Funding has been awarded by The Data Lab to a research project on Artificial Intelligence (AI) in energy efficiency building simulation. Experts from arbnco (formerly known as CO2 Estates) will be working alongside academics from the University of Strathclyde to explore how AI can be combined with data to create more accurate and robust simulations.
The nine-month project will be focused on the Arbn Consult platform software which provides the ability to quickly and accurately assess the EPC rating of a commercial property, producing bespoke and fully costed retrofit packages for delivering improvements in energy performance.
The team of researchers have combined expertise in machine learning, automation and construction, software and building simulation. Over the course of the project they will explore ways that back-end machine learning AI can mine data from the building simulation software to make quicker, more informed decisions.
Parag Rastogi, Lead Building Physicist at arbnco, explained:
“Currently, users are given a list of options by our platform that could potentially improve energy efficiency, from which they select individual refurbishments or their combinations to improve the building’s EPC rating.
Given the limited time that consultants have to complete a job, it would be impossible for them to manually go through every possible combination of suggested actions, so beneficial improvements could potentially be missed. We believe that utilising machine learning could make the process smoother, as the system would give optimum recommendations, taking into account factors such as finance constraints.”
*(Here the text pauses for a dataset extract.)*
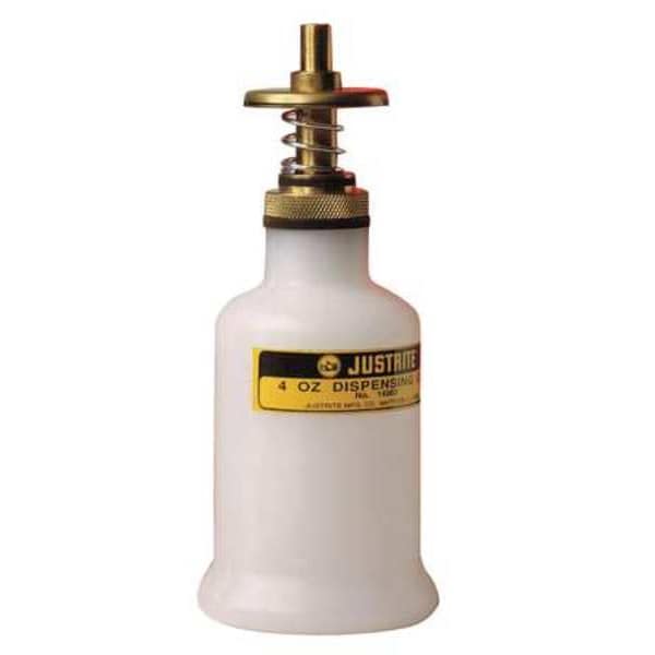Solvent Dispensing Bottle, Capacity 4 fl oz, Material Polyethylene, Color White, Standards FM Approved, Product Type Solvent Dispensing Bottle, Compatible Fluids Flammables, Container Diameter 2 1/4 in, Dispensing Actuation Dispensing Valve, Dispensing Tip Material Brass, Height 5 1/2 in

Darran Gardner, The Data Lab Business Development manager said: This project is yet another demonstration of how use of data science can make a real, tangible difference to real world challenges. By bringing the specialists from Strathclyde University together with arbnco the use of Artificial Intelligence (AI) will ensure energy assessments derived from building simulations are as robust as possible. With increasing importance placed on energy efficiency there is no doubt of the potential for such a tool.
As well as making the platform more scalable and robust, it is hoped that the project will make energy efficiency improvements accessible for more users. For example, a facilities manager may not have as much knowledge in this subject as an energy assessor, but the machine learning will guide them through the process and potential options, offering suggestions they may not have thought of.
To date, very little research has been done on AI in building simulation. It is expected that outcomes from the project will be revealed when the machine learning is rolled out on the Arbn Consult platform.